All of which talk can only prompt unashamed drooling from your average choc enthusiast.

"I think there should be more focus on snacks within the media," says Green. "I'm sure The Independent on Sunday has great food coverage, but you probably don't cover sweets very seriously, do you? The same goes for your average BBC2 cookery programme. They'd never focus on the latest Walkers Sensations roast pork and creamy mustard sauce flavour. But why not, when you consider that more people will enjoy these than will ever visit one of Gordon Ramsay's restaurants?

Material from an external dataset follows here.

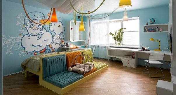 Детская комната с голубыми стенами, отделанная по проекту Константина Русева, выглядит очень оригинально. Смелый декор превращает ее в территорию увлекательных игр и волшебных снов, а разноцветные светильники для детской комнаты не только наполняют светом пространство, но и служат оригинальным украшением. Комната спроектирована для ребенка — это чувствуется и в декоративных элементах, и в продуманной меблировке. Здесь нет места скучному взрослому миру: только радость, только положительные эмоции.

"You may laugh," he adds, laughing a little himself, "but our appreciation of snacks is a little like wine tasting without the snobbery. Next time that you go to a party, take along an unusually flavoured chocolate bar or drink, and I promise that you'll have everybody talking."

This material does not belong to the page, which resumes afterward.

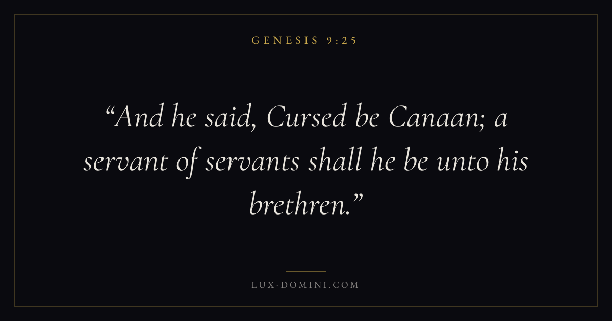Books / Genesis / Chapter 9 / Verse 25 ← Genesis 9:24 Genesis 9:25 Genesis 9:26 → And he said, Cursed be Canaan; a servant of servants shall he be unto his brethren. Download verse card Share on Twitter Share on Facebook Pin it ✦ Key themes HopePeaceCreationFall Read with Genesis 9:24Genesis 9:26Romans 8:24Revelation 21:4 Related topics Bible verses about hopeBible verses about peace ✦ Genesis Chapter 9 verses V. 1 V. 2 V. 3 V. 4 V. 5 V. 6 V. 7 V. 8 V. 9 V. 10 V. 11 V. 12 V. 13 V. 14 V. 15 V. 16 V. 17 V. 18 V. 19 V. 20 V. 21 V. 22 V. 23 V. 24 V. 25 V. 26 V. 27 V. 28 V. 29

Maybe he has a point. And so let us break out the much-coveted Coca-Cola Ipsei 2005 vintage (which, if you're asking, contains something called Rooibos Extract, is low in tannin, and can be enjoyed in unlimited quantities - apparently), and let us celebrate. s

For more information, visit www.snackspot.org.uk

The holy grails of Snackspot

There are a great many rare and exotically-flavoured snacks out there, but one of the most hotly sought-after items - for the moment, at any rate - is the relaunched Texan, a chocolate bar that was originally popular in the 1980s but remains difficult to find today. Similarly, KitKat Green Tea is only available in Japan and, of all places, London's Covent Garden, while Nestlé's Vice Versas (candy coated chocolate balls, rather like M&M's without the peanuts) were briefly relaunched last year but have now been almost entirely removed from the shelves. Burger King fans blighted by the geographical error of living in England are hunting high and low for "The Angus" steak burger, hotly rumoured to be available only in the US and Scotland. Meanwhile, the rumour that Burton's fish'n'chips-flavour snack biscuits may have been discontinued has had Snackspotters up in arms. Here's just one entry on the subject: "I finally got off my proverbial backside [after a year of searching for them], and contacted Burton's Snack Foods. They've stopped making them! Everyone who wants to see them back where they belong, give [the company] a call and they MIGHT start making them again. I want a multipack!"